Exercise directions: Copy without pictures. Please restate each line of the listing exactly.

Raw data:
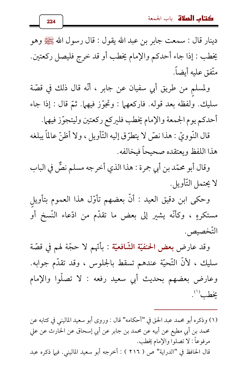 وقد عارض بعض الحنفيّة الشّافعيّة: بأنّهم لا حجّة لهم في قصّة سليك، لأنّ التّحيّة عندهم تسقط بالجلوس، وقد تقدّم جوابه. وعارض بعضهم بحديث أبي سعيد رفعه: لا تصلّوا والإمام يخطب (¬1).
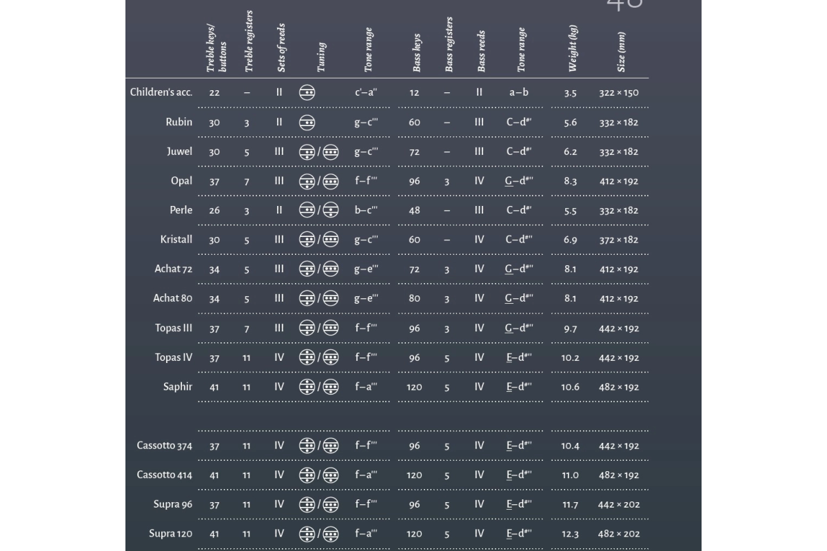 Аккордеон Weltmeister Saphir – это профессиональный 4-голосый инструмент немецкого производства, сочетающий в себе высокое качество изготовления, мощное звучание и удобство в использовании. Эта модель является одной из самых больших клавишных аккордеонов в линейке Weltmeister без ломаной деки, что обеспечивает ей особую акустическую характеристику и эстетичный вид.
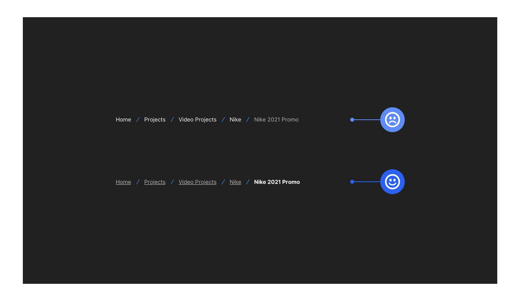 面包屑導航的核心價值是 “定位” 與 “回溯”,設計時需通過細節(jié)讓導航邏輯更清晰。可將導航中 “當前所在位置” 的文本做視覺強化 —— 比如加深顏色、加大字重、調(diào)整字號,與其他導航節(jié)點形成明顯區(qū)分;同時簡化導航層級,避免過多節(jié)點造成視覺雜亂,讓用戶一眼就能明確自己在界面中的位置,以及可回溯的路徑。
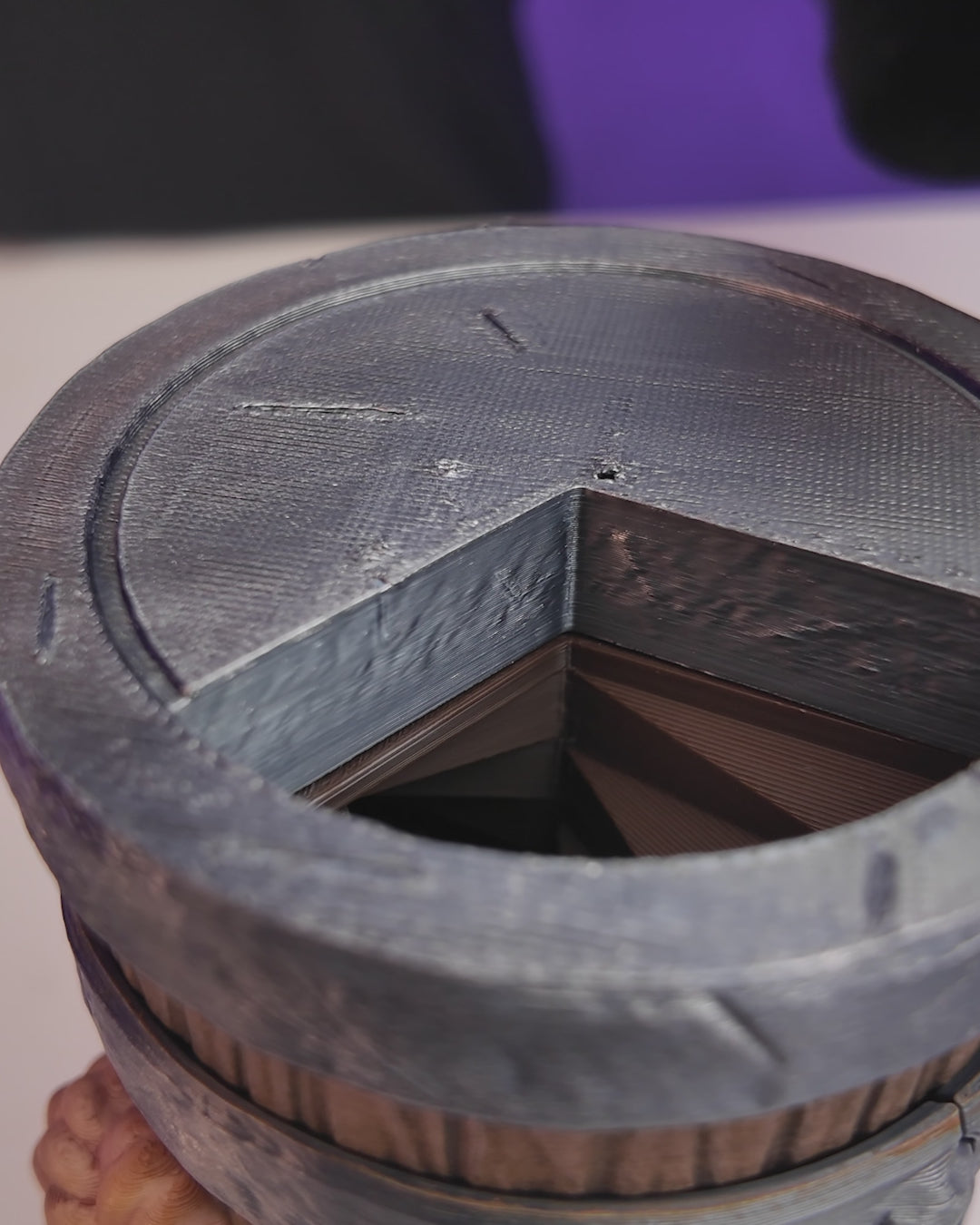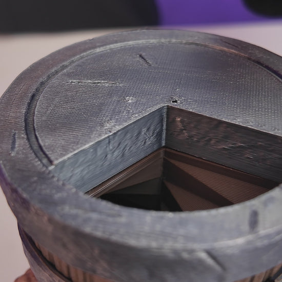 Roll the dice and let destiny decide with Keg of Fate! This charming 3d printed tavern barrel brings a touch of medieval magic to your game night. Put your dice in the open top, twist the bottom open to reveal a hidden compartment that releases your dice onto the table. Perfect for dungeon masters, tabletop enthusiasts, and anyone who loves a bit of theatrical flair. Watch your friends' faces light up as you dramatically unveil your next roll from this whimsical wooden vessel. A conversation starter that doubles as functional storage for your most treasured polyhedral companions.

Result of the exercise:
 وقد عارض بعض الحنفيّة الشّافعيّة: بأنّهم لا حجّة لهم في قصّة سليك، لأنّ التّحيّة عندهم تسقط بالجلوس، وقد تقدّم جوابه. وعارض بعضهم بحديث أبي سعيد رفعه: لا تصلّوا والإمام يخطب (¬1).
 Аккордеон Weltmeister Saphir – это профессиональный 4-голосый инструмент немецкого производства, сочетающий в себе высокое качество изготовления, мощное звучание и удобство в использовании. Эта модель является одной из самых больших клавишных аккордеонов в линейке Weltmeister без ломаной деки, что обеспечивает ей особую акустическую характеристику и эстетичный вид.
 面包屑導航的核心價值是 “定位” 與 “回溯”,設計時需通過細節(jié)讓導航邏輯更清晰。可將導航中 “當前所在位置” 的文本做視覺強化 —— 比如加深顏色、加大字重、調(diào)整字號,與其他導航節(jié)點形成明顯區(qū)分;同時簡化導航層級,避免過多節(jié)點造成視覺雜亂,讓用戶一眼就能明確自己在界面中的位置,以及可回溯的路徑。
 Roll the dice and let destiny decide with Keg of Fate! This charming 3d printed tavern barrel brings a touch of medieval magic to your game night. Put your dice in the open top, twist the bottom open to reveal a hidden compartment that releases your dice onto the table. Perfect for dungeon masters, tabletop enthusiasts, and anyone who loves a bit of theatrical flair. Watch your friends' faces light up as you dramatically unveil your next roll from this whimsical wooden vessel. A conversation starter that doubles as functional storage for your most treasured polyhedral companions.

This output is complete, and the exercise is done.